The dangers of databases

The Joseph Rowntree Reform Trust is today launching a report, “Database State”, which examines the rationale, security and consequences of 46 public sector databases. It is co-authored by Ross Anderson, professor of security engineering at Cambridge University, who is an outspoken critic of government databases.

The results are startling. Two databases, the NHS Detailed Care Record and the Secondary User Service (which holds summaries of treatment and is supposed to be used for administration and research) are given a “red light” rating. This means, according to the report, that they are “almost certainly illegal under human rights or data protection law and should be scrapped or substantially redesigned. The collection and sharing of sensitive personal data may be disproportionate, or done without our consent, or without a proper legal basis, or there may be other major privacy or operational problems.”

When I spoke to Prof Anderson yesterday, he had much to say on the subject, which he has been researching for almost 15 years. He told me that since about 1995, the Department of Health “has focused on driving control of medical records from doctors to government. It [the Dept of Health] has behaved as though doctors are impeding progress of the evolution of health”.

In Scotland, there has been one main supplier for computerised medical records – the General Practice Administration System for Scotland, or Gpass.
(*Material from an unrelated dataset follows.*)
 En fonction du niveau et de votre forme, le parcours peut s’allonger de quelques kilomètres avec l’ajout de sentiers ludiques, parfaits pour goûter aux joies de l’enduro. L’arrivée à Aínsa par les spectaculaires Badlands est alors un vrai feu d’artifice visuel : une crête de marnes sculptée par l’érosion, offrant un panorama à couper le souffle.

Though the system is government sponsored, Ross doesn’t see this as an advantage. He believes that “it has rapidly fossilised. The only interest in upgrading the service has been to put into practice what the civil service has wanted.”

Anderson was adamant that centralised control is “going to be disastrous for medical records”. He gave me an example from Nuffield hospital in Oxford: “[They] put in the new system – and they found that records were suddenly kept on a remote server rather than locally. The server went down in Swindon, and they couldn’t access any records, and therefore couldn’t do any operations.”
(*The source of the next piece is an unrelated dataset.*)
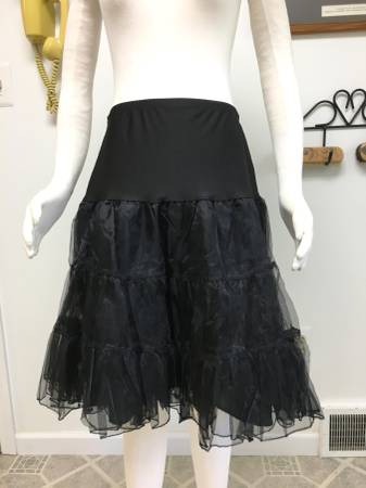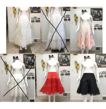 Half & Full Vintage & Modern Petticoats/Crinolines - The white and pink petticoats are all vintage. The red and black ones are modern ones I ordered from Amazon. All have elastic waists except for the one full length white one. That has a fixed waist that hooks in the back. $10 each

But it is not the logistical minutiae of centralised records that concerns Anderson the most. He is more worried about whether they are a good idea in the first place. “In medicine, you have to make sure that the systems are responsive to needs. This is not like a McDonald’s franchise. Medicine is so complex that you can’t [have a “one size fits all” electronic medical record]. Also, when you look at hospital medicine, there are dozens of little specialities, and each wants its own best of breed system.”

Such choice is not going to be possible under the NHS’s new “Connecting for Health” plan. Anderson is also concerned about the plan’s feasibility. “You can build a system for security, or functionality or scale. If you are very good you can maybe do two out of the three. But not three. A GP centre with 10,000 records can cope with risks, maybe there will be a problem with confidentiality once in a career there. At least it is limited and local. But once you get to 50 million records with a large pool of access to them, you can’t realistically expect them to stay confidential”.

There have already been cases where NHS workers have accessed records they had no reason to look at. The few who fail to respect confidentiality will have access to more records, not less.

Connecting for Health says that it will be hugely beneficial to be able to access a person’s full medical record from anywhere in the UK. Yet you hardly ever need a full medical record in order to receive immediate treatment. If you arrive at Accident and Emergency so unwell that you can’t give your basic medical details, it’s unlikely you’d be able to give your name and date of birth either, so access to your computer health record wouldn’t be possible. The ideal may be to use something like medi-alert bracelts, where specific health information — say, about allergies or life-threatening conditions — is available no matter the state of the patient.

As is, the amount of information that the record plans to hold is so enormous that the record ceases to become clinically useful. So much of the data is simply administrative. But it also means that full — or almost full — medical records become accessible to just about anyone working in the NHS (and note, there are 1.3 million people employed in it).

The new records will be opt-out, rather than opt-in, which I think is immoral. There has there been no decent reassurance from the government that standards of confidentiality in medical records will be upheld. I think Anderson’s concerns are justified — and you can start the process of opting out of central systems by making your wishes known to your GP surgery.